Write out an exact copy of the line containing "首先我们要使用搜狗浏览器,搜索中国工商银行,找到中国工商银行官网,点进进入。" and all lines that follow it in the data below, leaving out pictures.

━━ Dataset section ━━

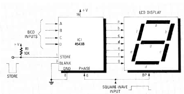 Este circuito CMOS para displays de LEDs é de uma revista Radio Electronics de fevereiro de 1989. O circuito tem um pulso de habilitação de armazenamento do valor apresentado no display.
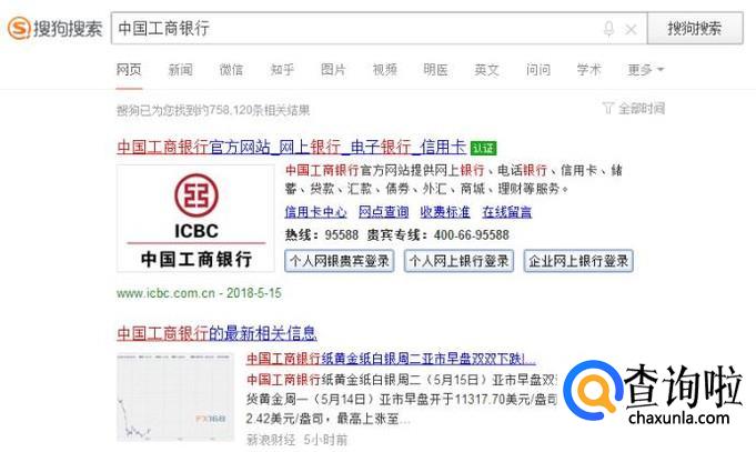 首先我们要使用搜狗浏览器,搜索中国工商银行,找到中国工商银行官网,点进进入。
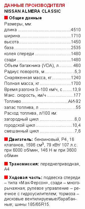 «Лагуна»? «Пассат»? Нет, на весеннем солнышке лихо и уверенно прописывает вираж «Nissan Almera Classic», поблескивая хромом.

━━━

* [Answer below]
 首先我们要使用搜狗浏览器,搜索中国工商银行,找到中国工商银行官网,点进进入。
 «Лагуна»? «Пассат»? Нет, на весеннем солнышке лихо и уверенно прописывает вираж «Nissan Almera Classic», поблескивая хромом.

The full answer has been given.